**What is needed:** From the data that follows, print exactly the lines starting at the one containing "Модульная малогабаритная лестница" and ending at the one containing "デフォルトのままでは、EBS ボリュームが不足してしまう可能性があるので、EBS ボリュームの引き上げを行います。"; include both of them and nothing more.

**Material for this task:**
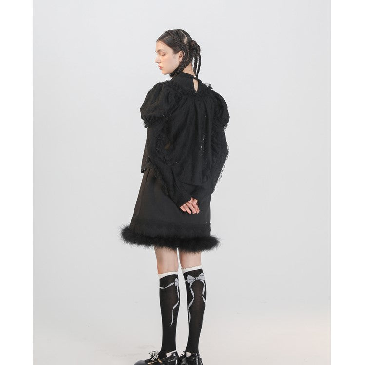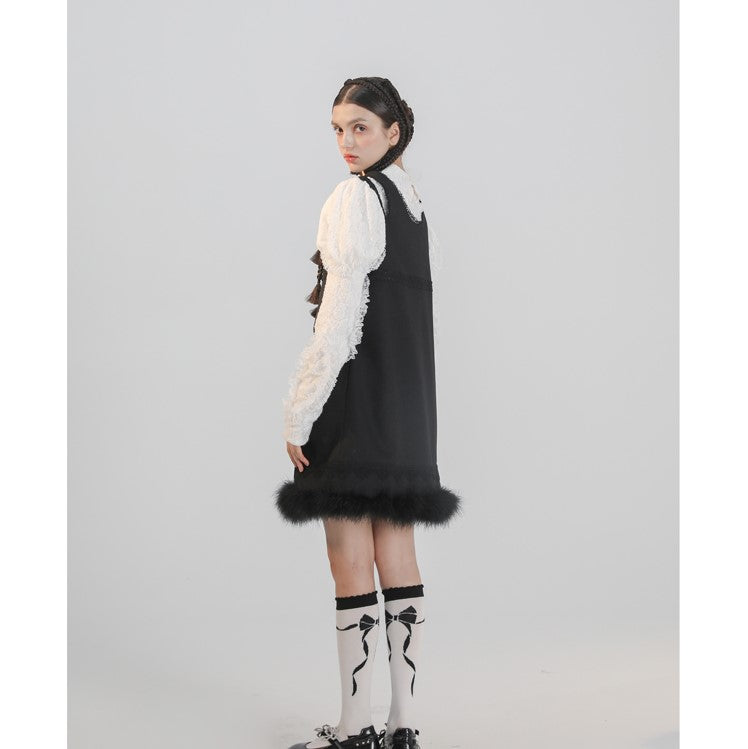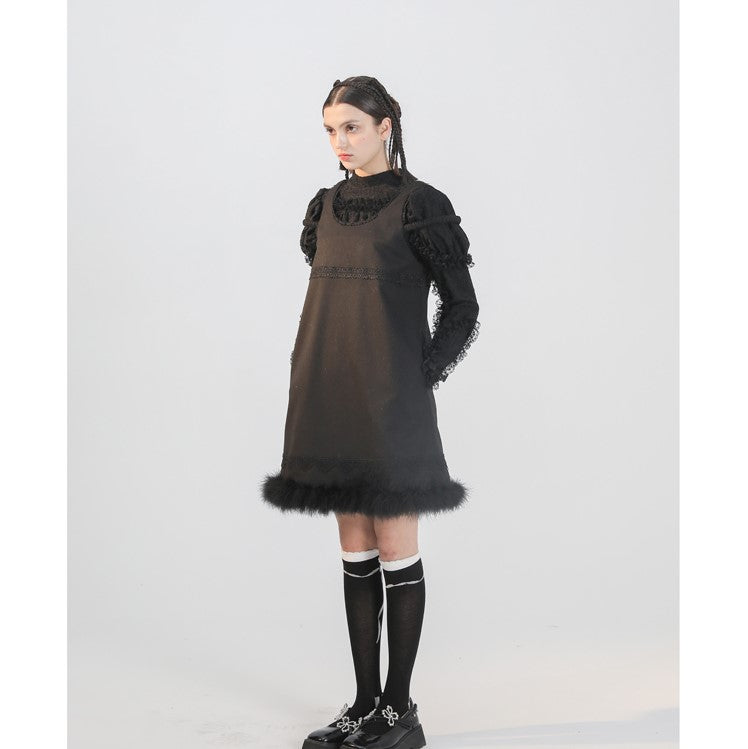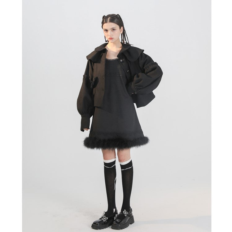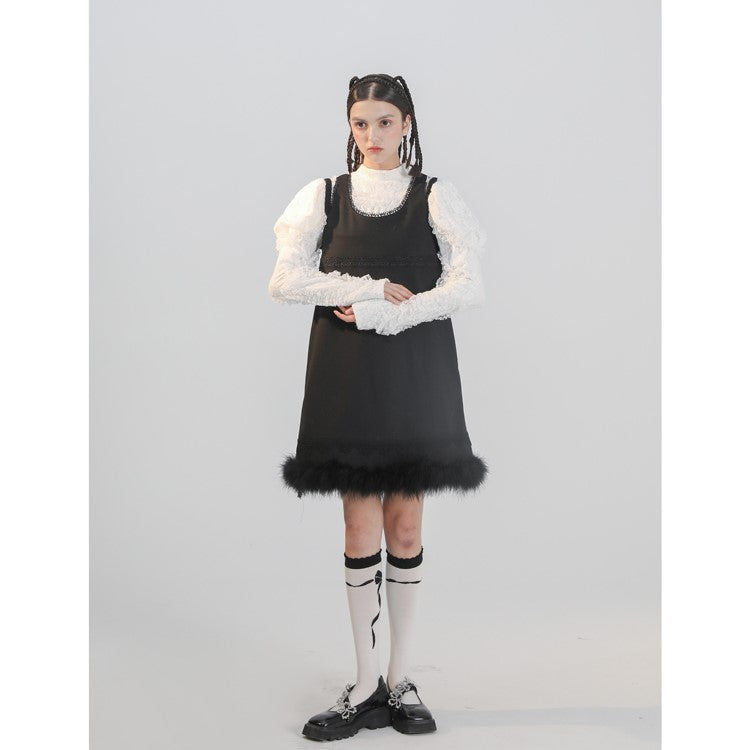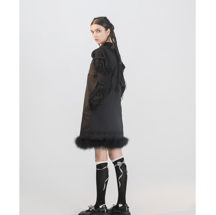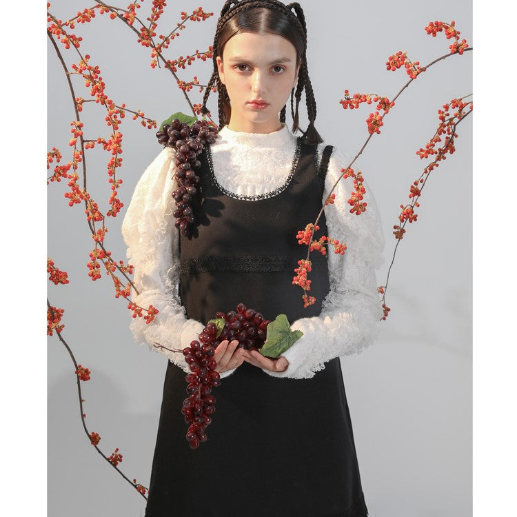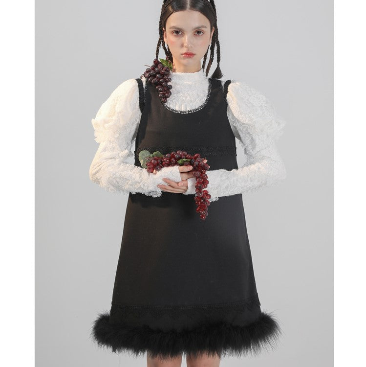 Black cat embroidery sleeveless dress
==
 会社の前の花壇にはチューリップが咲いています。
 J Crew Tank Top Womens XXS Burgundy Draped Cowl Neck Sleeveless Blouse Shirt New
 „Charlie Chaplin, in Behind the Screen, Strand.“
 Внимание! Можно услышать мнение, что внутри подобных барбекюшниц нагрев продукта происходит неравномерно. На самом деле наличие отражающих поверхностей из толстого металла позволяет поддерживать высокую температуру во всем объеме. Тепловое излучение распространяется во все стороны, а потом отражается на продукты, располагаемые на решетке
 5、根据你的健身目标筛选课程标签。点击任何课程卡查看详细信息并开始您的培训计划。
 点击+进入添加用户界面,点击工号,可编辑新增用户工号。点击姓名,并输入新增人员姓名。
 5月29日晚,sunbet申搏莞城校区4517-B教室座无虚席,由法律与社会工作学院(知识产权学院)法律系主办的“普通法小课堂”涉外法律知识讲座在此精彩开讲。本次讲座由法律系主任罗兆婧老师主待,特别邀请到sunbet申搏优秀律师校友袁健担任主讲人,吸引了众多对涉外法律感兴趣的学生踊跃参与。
...
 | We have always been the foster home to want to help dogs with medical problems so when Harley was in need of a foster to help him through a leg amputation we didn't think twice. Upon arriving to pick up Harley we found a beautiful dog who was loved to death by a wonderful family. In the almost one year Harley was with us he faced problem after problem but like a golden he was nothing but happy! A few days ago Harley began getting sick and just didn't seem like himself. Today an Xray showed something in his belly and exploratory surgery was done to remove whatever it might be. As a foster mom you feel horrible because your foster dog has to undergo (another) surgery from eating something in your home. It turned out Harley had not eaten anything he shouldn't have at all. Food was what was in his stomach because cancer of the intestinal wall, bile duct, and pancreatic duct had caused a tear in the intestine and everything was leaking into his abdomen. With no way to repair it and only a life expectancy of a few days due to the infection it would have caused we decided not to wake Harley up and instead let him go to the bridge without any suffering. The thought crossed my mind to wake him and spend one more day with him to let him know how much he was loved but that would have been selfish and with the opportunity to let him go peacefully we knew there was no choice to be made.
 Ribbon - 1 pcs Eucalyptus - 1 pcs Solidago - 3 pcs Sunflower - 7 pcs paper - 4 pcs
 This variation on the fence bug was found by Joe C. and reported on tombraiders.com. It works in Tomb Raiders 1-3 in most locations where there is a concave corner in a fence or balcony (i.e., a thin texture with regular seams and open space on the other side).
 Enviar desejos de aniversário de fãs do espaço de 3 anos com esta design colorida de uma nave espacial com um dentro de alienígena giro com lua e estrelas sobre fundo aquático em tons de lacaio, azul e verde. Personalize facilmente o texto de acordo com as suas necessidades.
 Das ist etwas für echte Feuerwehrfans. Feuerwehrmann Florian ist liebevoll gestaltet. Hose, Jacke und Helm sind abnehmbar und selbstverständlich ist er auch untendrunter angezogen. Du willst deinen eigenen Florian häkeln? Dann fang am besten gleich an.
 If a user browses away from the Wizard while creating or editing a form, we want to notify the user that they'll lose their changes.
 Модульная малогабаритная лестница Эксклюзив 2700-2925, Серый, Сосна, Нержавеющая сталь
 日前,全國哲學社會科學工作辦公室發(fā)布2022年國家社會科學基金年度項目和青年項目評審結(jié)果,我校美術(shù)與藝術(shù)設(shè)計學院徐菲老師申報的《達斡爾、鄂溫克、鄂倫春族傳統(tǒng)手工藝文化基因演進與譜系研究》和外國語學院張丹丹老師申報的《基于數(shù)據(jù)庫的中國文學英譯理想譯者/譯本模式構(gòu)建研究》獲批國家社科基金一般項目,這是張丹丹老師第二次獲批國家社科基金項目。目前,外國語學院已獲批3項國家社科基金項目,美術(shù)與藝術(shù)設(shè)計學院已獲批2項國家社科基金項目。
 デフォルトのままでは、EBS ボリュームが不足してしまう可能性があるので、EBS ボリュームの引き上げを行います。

**Answer section:**
 Модульная малогабаритная лестница Эксклюзив 2700-2925, Серый, Сосна, Нержавеющая сталь
 日前,全國哲學社會科學工作辦公室發(fā)布2022年國家社會科學基金年度項目和青年項目評審結(jié)果,我校美術(shù)與藝術(shù)設(shè)計學院徐菲老師申報的《達斡爾、鄂溫克、鄂倫春族傳統(tǒng)手工藝文化基因演進與譜系研究》和外國語學院張丹丹老師申報的《基于數(shù)據(jù)庫的中國文學英譯理想譯者/譯本模式構(gòu)建研究》獲批國家社科基金一般項目,這是張丹丹老師第二次獲批國家社科基金項目。目前,外國語學院已獲批3項國家社科基金項目,美術(shù)與藝術(shù)設(shè)計學院已獲批2項國家社科基金項目。
 デフォルトのままでは、EBS ボリュームが不足してしまう可能性があるので、EBS ボリュームの引き上げを行います。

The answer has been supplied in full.